The settlement of the island of Pico occurred much later than most islands, partly due to greater interest shown in the other islands of the Central Group. For a time, only small herds, deposited by property-owners from Faial and Terceira, along with their caretakers (some of whom were slaves), were the only inhabitants of the island. It was not until the Infanta Beatriz proceeded to reorganize island administration and promote a greater colonization of the islands of the Central Group (between 1470 and 1480) that this changed. In 1483, Faial and Pico were integrated into one Captaincy, under the Fleming Josse van Huerter, and settlers were encouraged to colonize the island of Pico. But even still, the area of Madalena, with its rocky coastal plain, did not attract many new settlers and the community did not expand significantly until the municipality was created in 1723.

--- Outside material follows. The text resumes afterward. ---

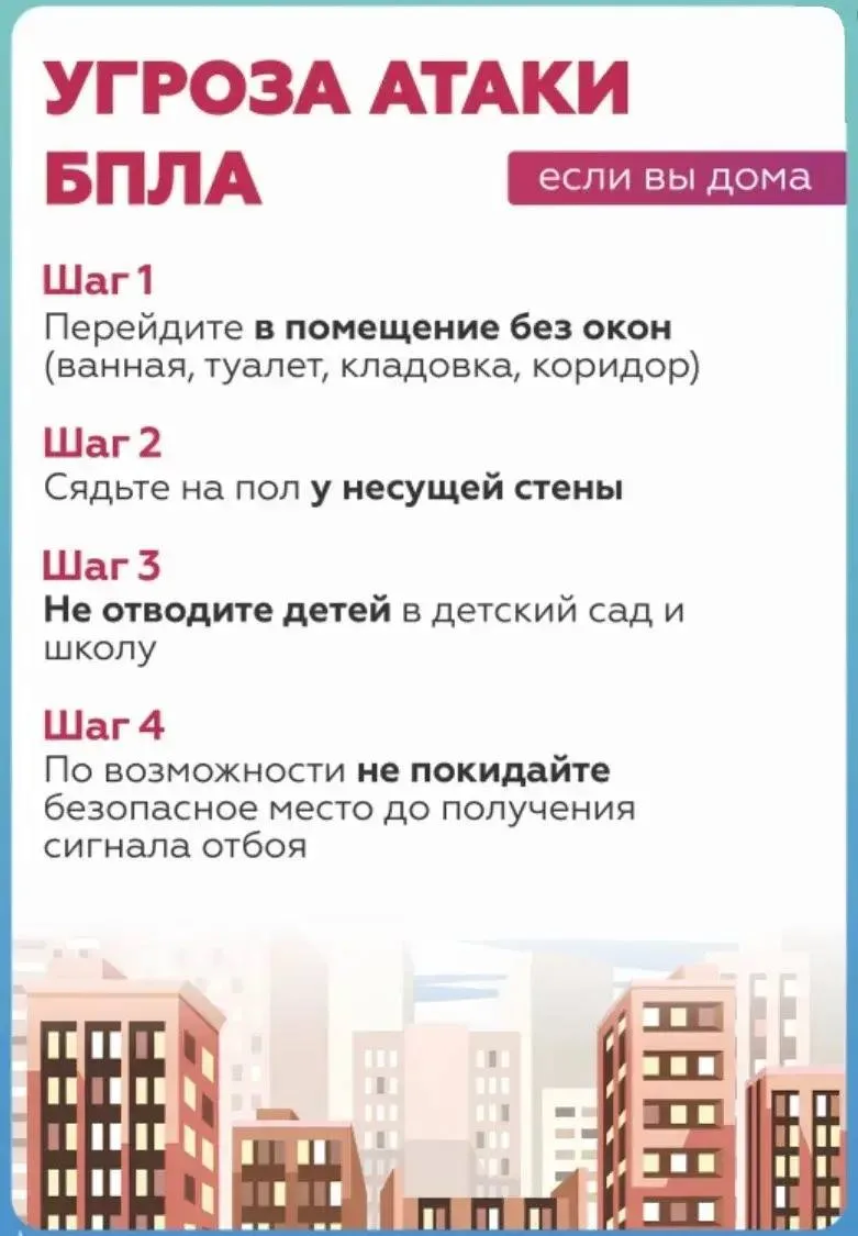 Основные рекомендации приведены в карточках. Как отмечают в мэрии, для защиты существуют специальные «заглубленные помещения,» которые приспособлены под укрытия. Где они расположены, можно узнать по ссылке.

By the first quarter of the 18th century, the municipality of Madalena was already entrenched in the "wine cycle" which had multiplied the riches of its landowners and increased the desire of local settlers for emancipation from the Captaincy of Faial. The introduction of grapes to the island had occurred almost immediately with the first settlers, along with the cultivation of wheat and production of wine and olive oil (that were staples of the traditional Mediterranean Christian culture at the time). In the 15th and 16th century, the vineyards had been a source of subsistence, then export, because the soils and rocky terrain had made it almost impossible to develop a viable cereal culture. The diffusion of vineyards, that began in the 17th century, was a consequence of the soil and the conquest of markets for Pico's verdelho wines. The uniquely Piquense culture of grape growing on the ground, or in volcanic rock patches, allowed the establishment of an industry and opened new markets for products originating in Madalena.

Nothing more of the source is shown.